=== What to work on ===
Emit a verbatim copy of the lines below from the line with "吉他周杰伦《晴天》吉他谱" through the line with "Early issue of", excluding pictures and everything outside that range.

=== Records provided ===
┄┄┄┄┄┄┄┄┄┄

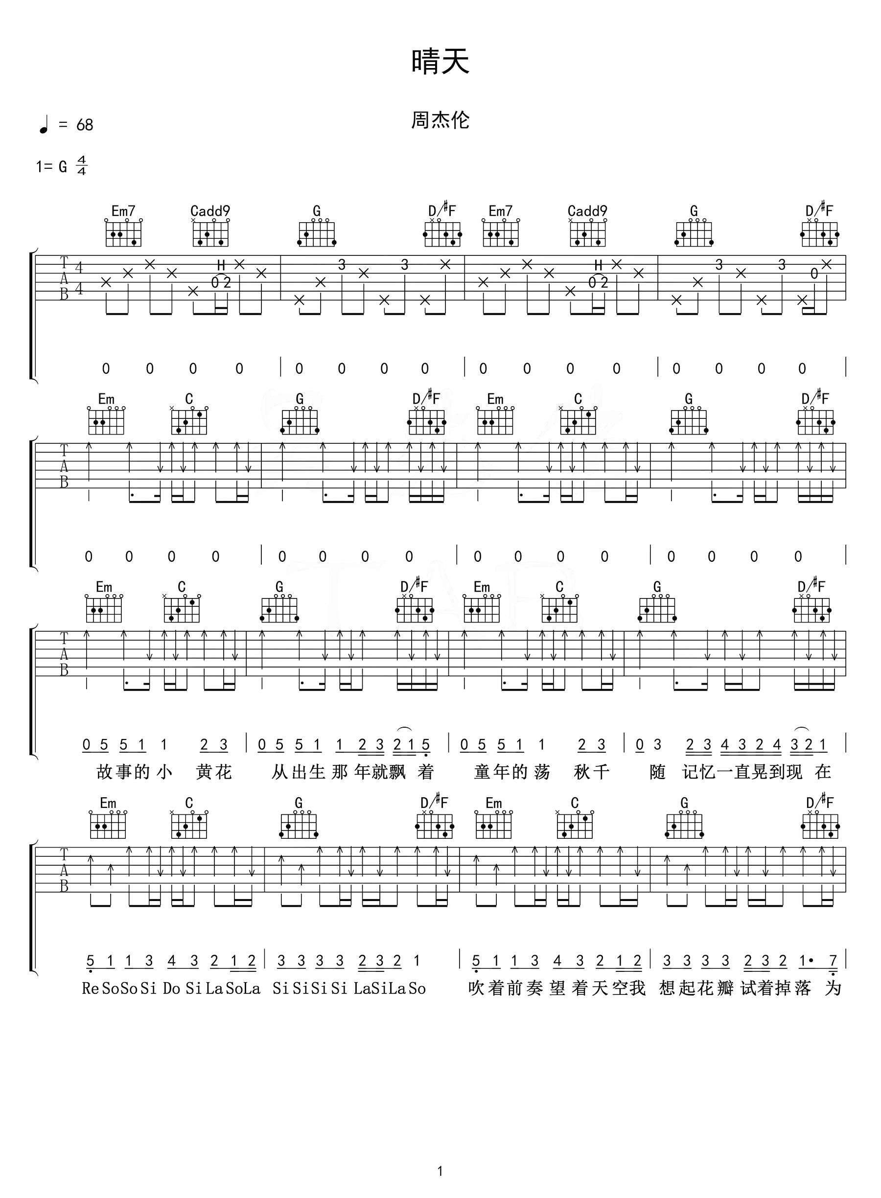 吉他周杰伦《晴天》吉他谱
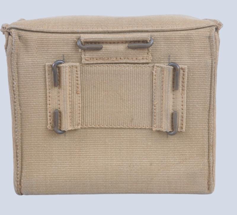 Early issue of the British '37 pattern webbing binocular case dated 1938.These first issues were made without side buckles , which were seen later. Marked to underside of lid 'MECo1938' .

┄┄┄┄┄┄┄┄┄┄

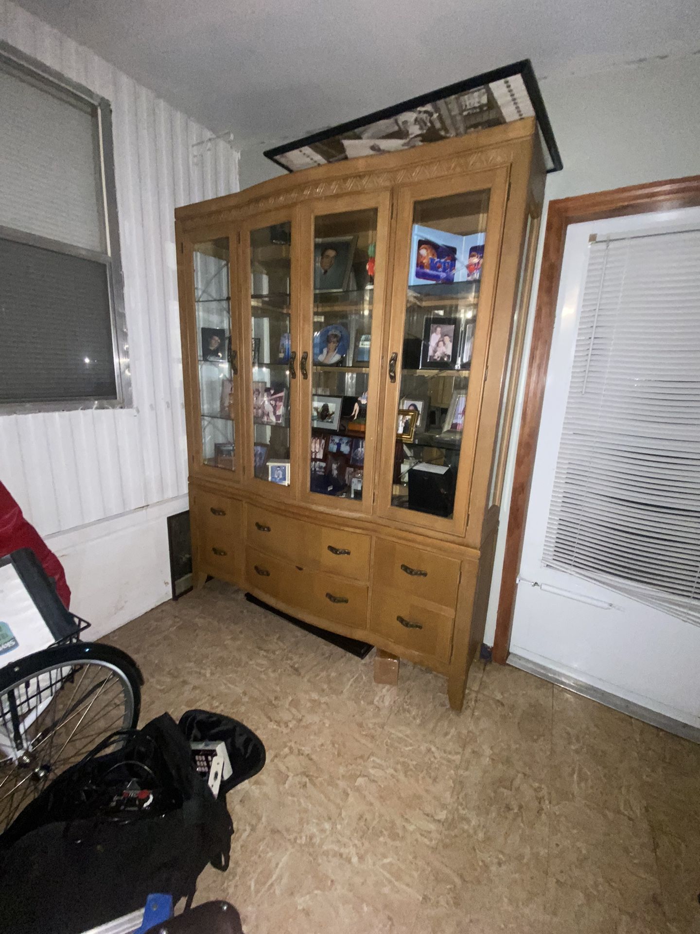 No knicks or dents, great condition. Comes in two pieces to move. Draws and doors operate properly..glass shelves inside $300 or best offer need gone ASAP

┄┄┄┄┄┄┄┄┄┄

=== Solution to the problem ===
 吉他周杰伦《晴天》吉他谱
 Early issue of the British '37 pattern webbing binocular case dated 1938.These first issues were made without side buckles , which were seen later. Marked to underside of lid 'MECo1938' .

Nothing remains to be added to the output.